Symmetric Routing Proposal

Symmetric Routing Proposal

This document describes a proposal for routing and peer discovery for Ames and Fine (the remote scry protocol). It aims to follow the following principles.

  • Symmetry: every response packet will retrace the same path through the network that the request packet that caused it took, with the steps reversed. If the request takes the path A->B->C->D, then the response will take D->C->B->A.
  • Transitivity: routing and peer discovery should treat every level of the hierarchy the same as every other, i.e. forwarding from galaxy to star should look the same as star to planet and planet to moon.
  • Tightening: the network should naturally "tighten" routes over time. The tightest route is a direct route; the loosest goes through every possible relay.
  • Requester Control: the requester (hereafter defined as the ship sending a scry request packet or Ames message fragment packet) should decide both routing and congestion control, not the responsder (the ship that receives a scry request and emits a scry response, or that receives an Ames message fragment and emits an ack).
  • Selflessness: a ship does not need to know its own IP address and port, although if it does know it, it should be able to make use of that knowledge.
  • Deterministic Routing: the route a packet takes through the network should be a pure function of the sender ship, responder ship, PKI state, whether the packet is a request or response, and number of hops (fewer hops is tighter). Sender determines number of hops (with some caveats).

Protocol Description

Full Case: Planet to Moon

Consider a ship trying to send a scry request to a moon under some other galaxy.
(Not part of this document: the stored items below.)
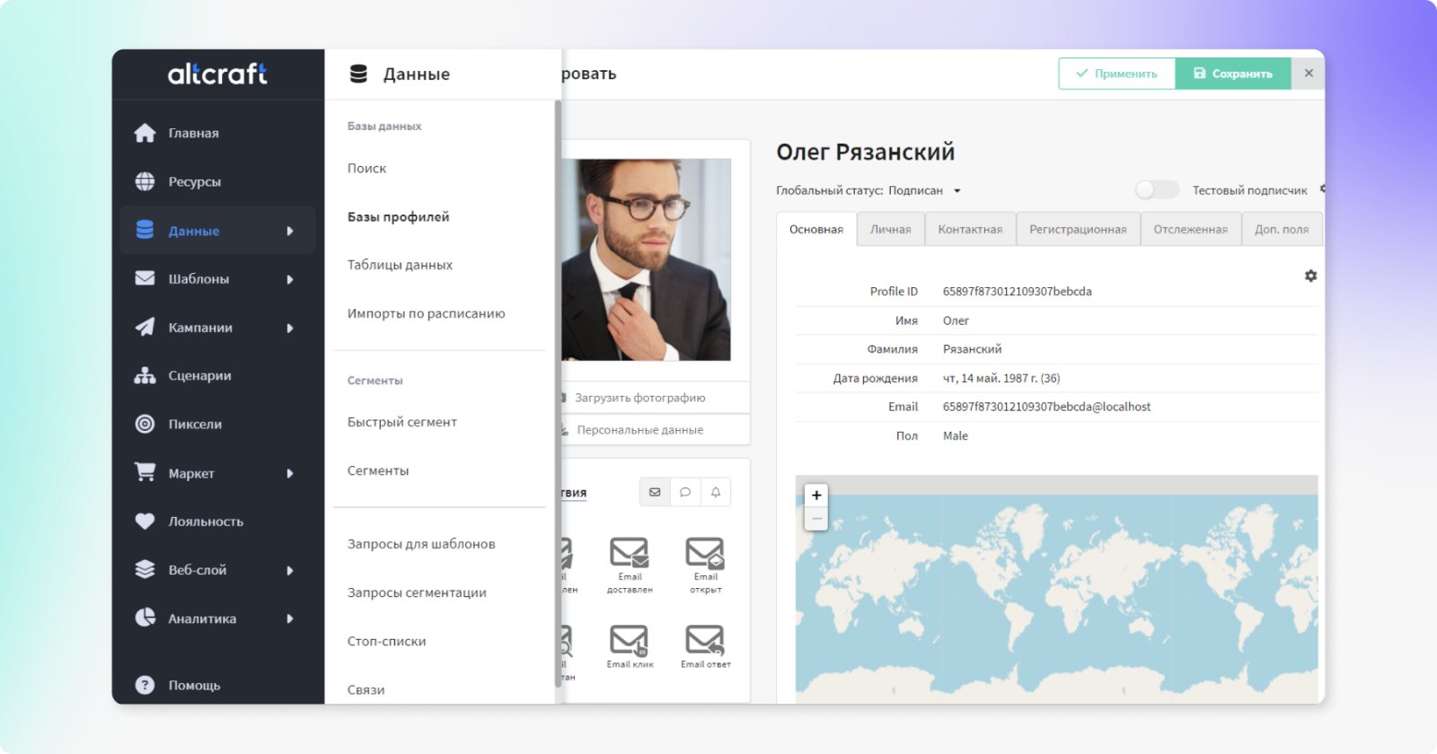 Сбор, аналитика и управление клиентскими данными. Платформа позволяет собирать, анализировать и управлять клиентскими данными в едином интерфейсе, обеспечивая высокий уровень безопасности и защиты. В профиле пользователя аккумулируется подробная информация о его действиях из различных источников. Точность и объем данных позволяют проводить детальную сегментацию аудитории для более эффективного взаимодействия.
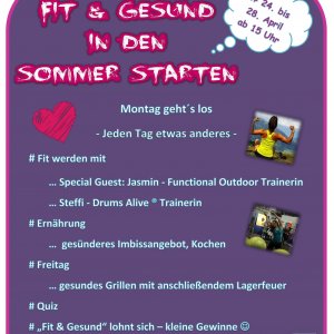 Wir machen uns mit euch fit für den Sommer. Euch erwarten ein gesünderes Imbissangebot und zusammen sporteln wir uns fit für die heißeste Zeit des Jahres. Außerdem laden wir euch zum gemeinsamen Köcheln mit frischen Zutaten ein, die wir anschließend gemeinsam genüßlich wegnaschen werden ;).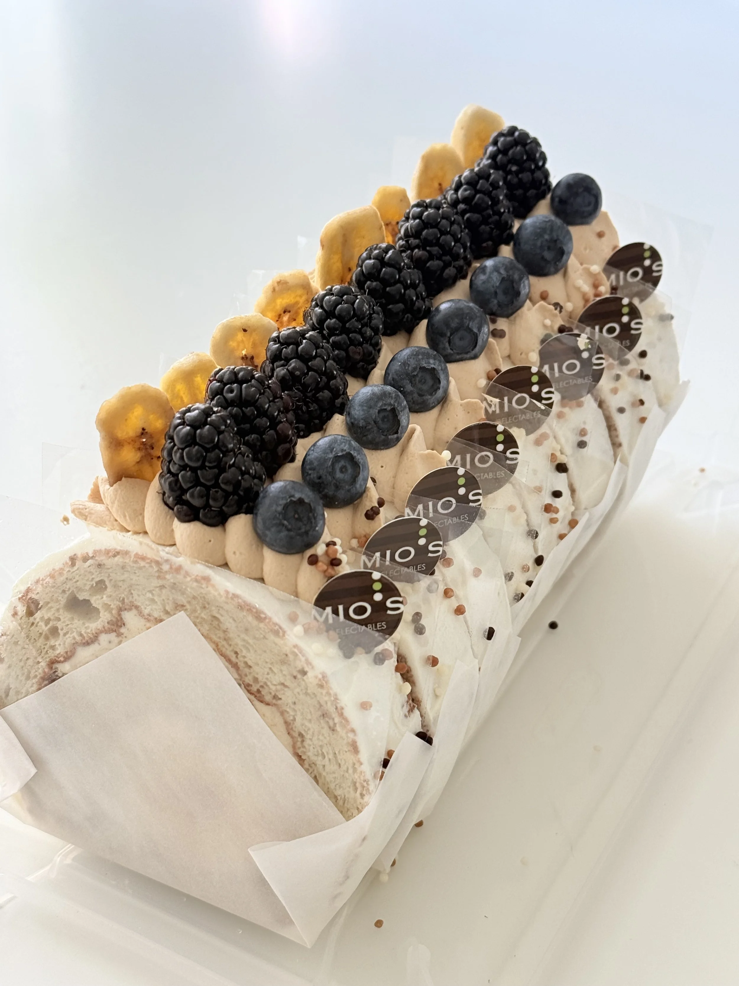 A soft and fluffy matcha sponge roll filled with creamy matcha cream, sweetened azuki beans, vibrant cherry compote, and a touch of zesty yuzu confiture.

This is the longest possible route through the network, with a maximum of four ship-to-ship hops in each direction. Requests made to higher-rank ships max out at fewer hops; a request to a galaxy is always one hop.

This pattern needs to solve two problems:

  • forward routing (how do relays know where to send the request next?)
  • reverse routing (how do relays know where to send the response next?)
  • lane propagation (how does the sender learn the locations of the responder and relays, so it can tighten the route on later requests?)

Requester planet ~rovnys-ricfer (~rovnys for short) wants to send a scry request to ~mister-ritpub-sipsyl (~mister for short). ~rovnys doesn't know ~mister's lane (IP and port), so it sends the request down through ~mister's routing hierarchy, starting with its galaxy, ~syl, then down through its star ~sipsyl, its planet ~ritpub-sipsyl, and then finally to the moon ~mister. The response packet from ~mister follows the same path in reverse.

request:  ~rovnys -> ~syl -> ~sipsyl -> ~ritpub-sipsyl -> ~mister-ritpub-sipsyl
response: ~rovnys <- ~syl <- ~sipsyl <- ~ritpub-sipsyl <- ~mister-ritpub-sipsyl

~rovnys specifies in its outgoing request packet's hops field that this route will take 4 hops, involving a total of 5 ships. This is followed by a routing stack, which consists of a 5-bit bitmap indicating which ships' lanes are filled in, and five 6-byte lanes (IPv4+port pairs). These fields are initialized to zero in ~rovnys's outgoing request packet.

request hop ~rovnys -> ~syl
bitmap: 00000
fields: [0 0 0 0 0]

When ~syl receives this packet from ~rovnys, it determines that it is the second ship in this 4-hop sequence, so it fills in the first field with the lane on which it heard the packet, and it fills in the third field with ~sipsyl's lane, adjusting the packet's bitmap accordingly. If ~syl knows its own lane (possibly by asking a STUN server for this information), it has the option to fill in the second field with its own lane too. Either way, it then forwards this modified packet to ~sipsyl.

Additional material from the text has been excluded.